§ Task prompt: Set down every entry exactly as given. Pictures are to be left out.

§ Dataset content:
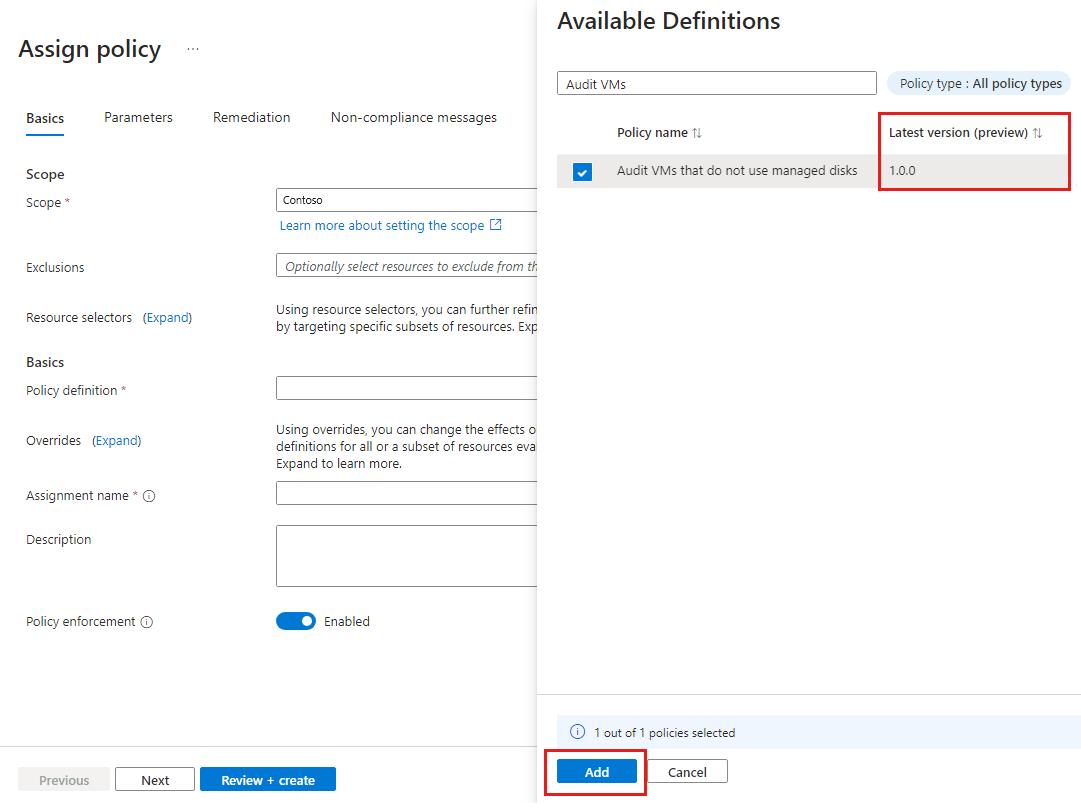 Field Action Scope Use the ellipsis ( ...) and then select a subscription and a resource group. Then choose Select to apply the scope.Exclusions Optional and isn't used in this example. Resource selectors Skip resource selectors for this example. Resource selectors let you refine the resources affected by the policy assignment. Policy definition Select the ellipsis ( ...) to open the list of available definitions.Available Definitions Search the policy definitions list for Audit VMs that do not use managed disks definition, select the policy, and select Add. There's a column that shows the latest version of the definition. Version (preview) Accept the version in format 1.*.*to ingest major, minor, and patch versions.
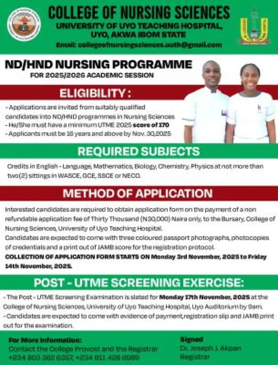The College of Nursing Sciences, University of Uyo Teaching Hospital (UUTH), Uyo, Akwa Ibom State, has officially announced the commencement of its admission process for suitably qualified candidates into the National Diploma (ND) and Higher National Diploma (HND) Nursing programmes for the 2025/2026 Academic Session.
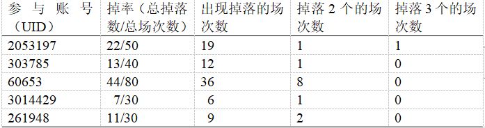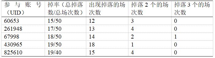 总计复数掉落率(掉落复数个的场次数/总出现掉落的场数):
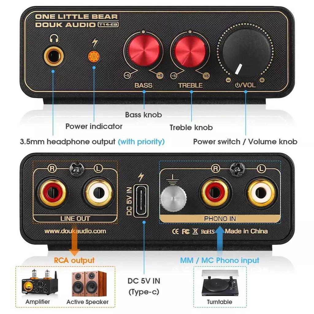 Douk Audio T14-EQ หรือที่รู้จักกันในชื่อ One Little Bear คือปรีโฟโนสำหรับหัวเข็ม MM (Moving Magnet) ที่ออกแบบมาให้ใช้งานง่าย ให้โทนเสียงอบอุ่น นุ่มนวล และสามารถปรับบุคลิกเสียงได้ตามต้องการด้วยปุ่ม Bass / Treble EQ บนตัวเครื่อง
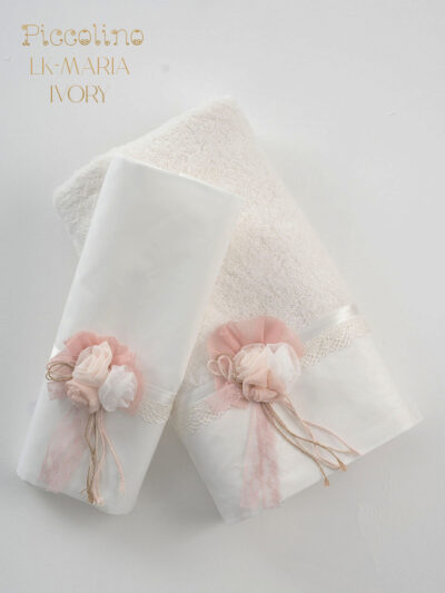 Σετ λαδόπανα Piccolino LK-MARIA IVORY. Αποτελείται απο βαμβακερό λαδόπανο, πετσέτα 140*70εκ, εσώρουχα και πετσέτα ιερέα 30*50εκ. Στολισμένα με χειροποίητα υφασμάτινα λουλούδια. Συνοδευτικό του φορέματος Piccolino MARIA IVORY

§ Task answer:
 Field Action Scope Use the ellipsis ( ...) and then select a subscription and a resource group. Then choose Select to apply the scope.Exclusions Optional and isn't used in this example. Resource selectors Skip resource selectors for this example. Resource selectors let you refine the resources affected by the policy assignment. Policy definition Select the ellipsis ( ...) to open the list of available definitions.Available Definitions Search the policy definitions list for Audit VMs that do not use managed disks definition, select the policy, and select Add. There's a column that shows the latest version of the definition. Version (preview) Accept the version in format 1.*.*to ingest major, minor, and patch versions.
The College of Nursing Sciences, University of Uyo Teaching Hospital (UUTH), Uyo, Akwa Ibom State, has officially announced the commencement of its admission process for suitably qualified candidates into the National Diploma (ND) and Higher National Diploma (HND) Nursing programmes for the 2025/2026 Academic Session.
 总计复数掉落率(掉落复数个的场次数/总出现掉落的场数):
 Douk Audio T14-EQ หรือที่รู้จักกันในชื่อ One Little Bear คือปรีโฟโนสำหรับหัวเข็ม MM (Moving Magnet) ที่ออกแบบมาให้ใช้งานง่าย ให้โทนเสียงอบอุ่น นุ่มนวล และสามารถปรับบุคลิกเสียงได้ตามต้องการด้วยปุ่ม Bass / Treble EQ บนตัวเครื่อง
 Σετ λαδόπανα Piccolino LK-MARIA IVORY. Αποτελείται απο βαμβακερό λαδόπανο, πετσέτα 140*70εκ, εσώρουχα και πετσέτα ιερέα 30*50εκ. Στολισμένα με χειροποίητα υφασμάτινα λουλούδια. Συνοδευτικό του φορέματος Piccolino MARIA IVORY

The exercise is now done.